■ Work to complete ■
With the pictures omitted, set down exactly the lines from the one that contains "Im vorderen Teil" through the last line of the data.

■ Supplied information ■
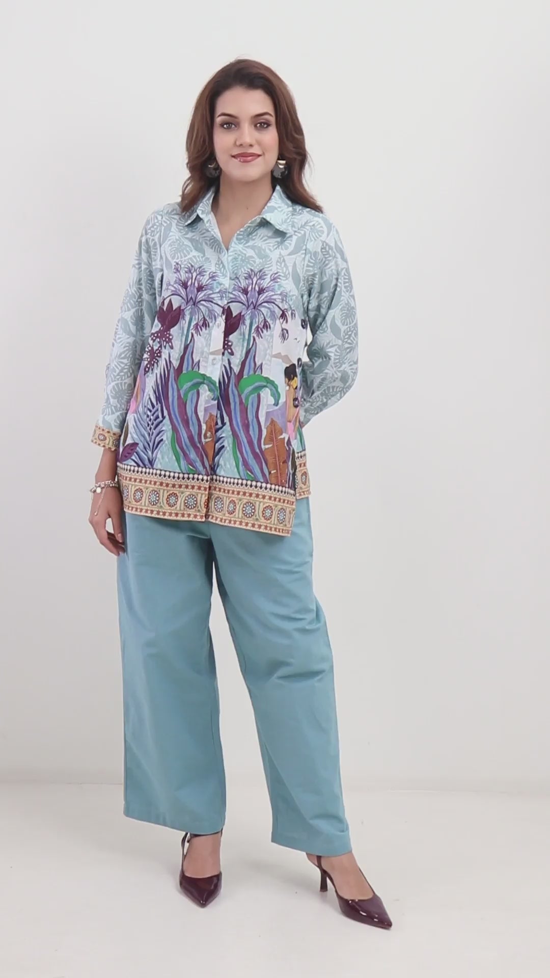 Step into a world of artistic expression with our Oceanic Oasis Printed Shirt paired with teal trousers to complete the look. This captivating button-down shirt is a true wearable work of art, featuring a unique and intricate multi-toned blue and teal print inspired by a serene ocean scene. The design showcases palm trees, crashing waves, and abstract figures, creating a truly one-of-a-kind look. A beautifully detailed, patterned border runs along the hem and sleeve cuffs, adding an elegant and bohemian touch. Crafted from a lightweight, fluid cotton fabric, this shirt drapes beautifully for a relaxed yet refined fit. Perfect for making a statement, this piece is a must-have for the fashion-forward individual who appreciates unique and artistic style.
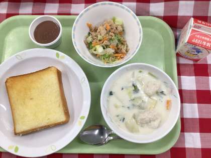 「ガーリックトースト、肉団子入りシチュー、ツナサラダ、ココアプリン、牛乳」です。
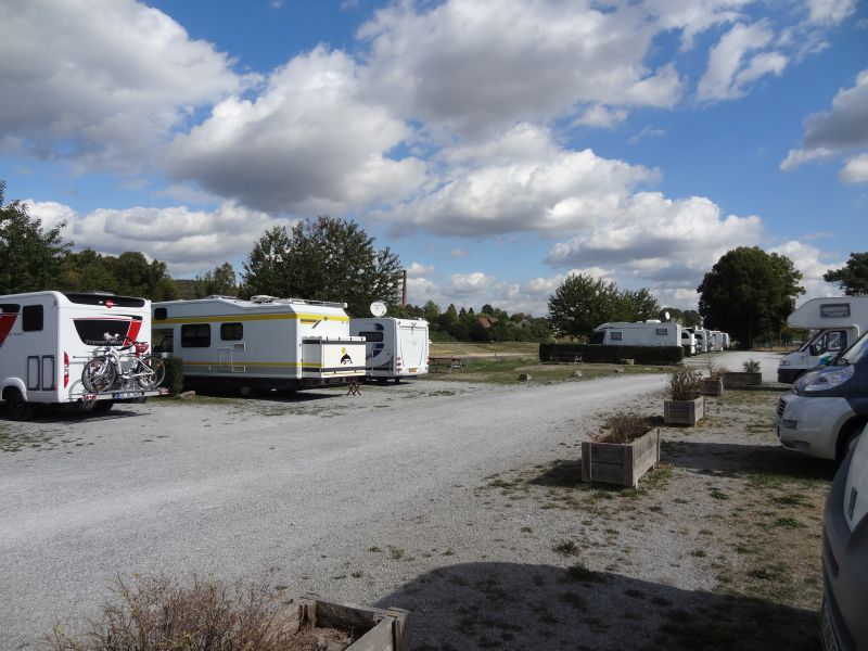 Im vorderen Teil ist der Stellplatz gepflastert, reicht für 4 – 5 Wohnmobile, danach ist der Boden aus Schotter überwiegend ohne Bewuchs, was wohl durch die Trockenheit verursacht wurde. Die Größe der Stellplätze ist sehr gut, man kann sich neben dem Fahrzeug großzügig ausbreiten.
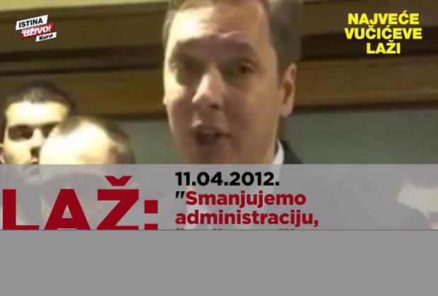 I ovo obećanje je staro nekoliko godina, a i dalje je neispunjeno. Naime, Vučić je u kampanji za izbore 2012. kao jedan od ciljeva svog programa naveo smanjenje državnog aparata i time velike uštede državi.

■ Output of the exercise ■
 Im vorderen Teil ist der Stellplatz gepflastert, reicht für 4 – 5 Wohnmobile, danach ist der Boden aus Schotter überwiegend ohne Bewuchs, was wohl durch die Trockenheit verursacht wurde. Die Größe der Stellplätze ist sehr gut, man kann sich neben dem Fahrzeug großzügig ausbreiten.
 I ovo obećanje je staro nekoliko godina, a i dalje je neispunjeno. Naime, Vučić je u kampanji za izbore 2012. kao jedan od ciljeva svog programa naveo smanjenje državnog aparata i time velike uštede državi.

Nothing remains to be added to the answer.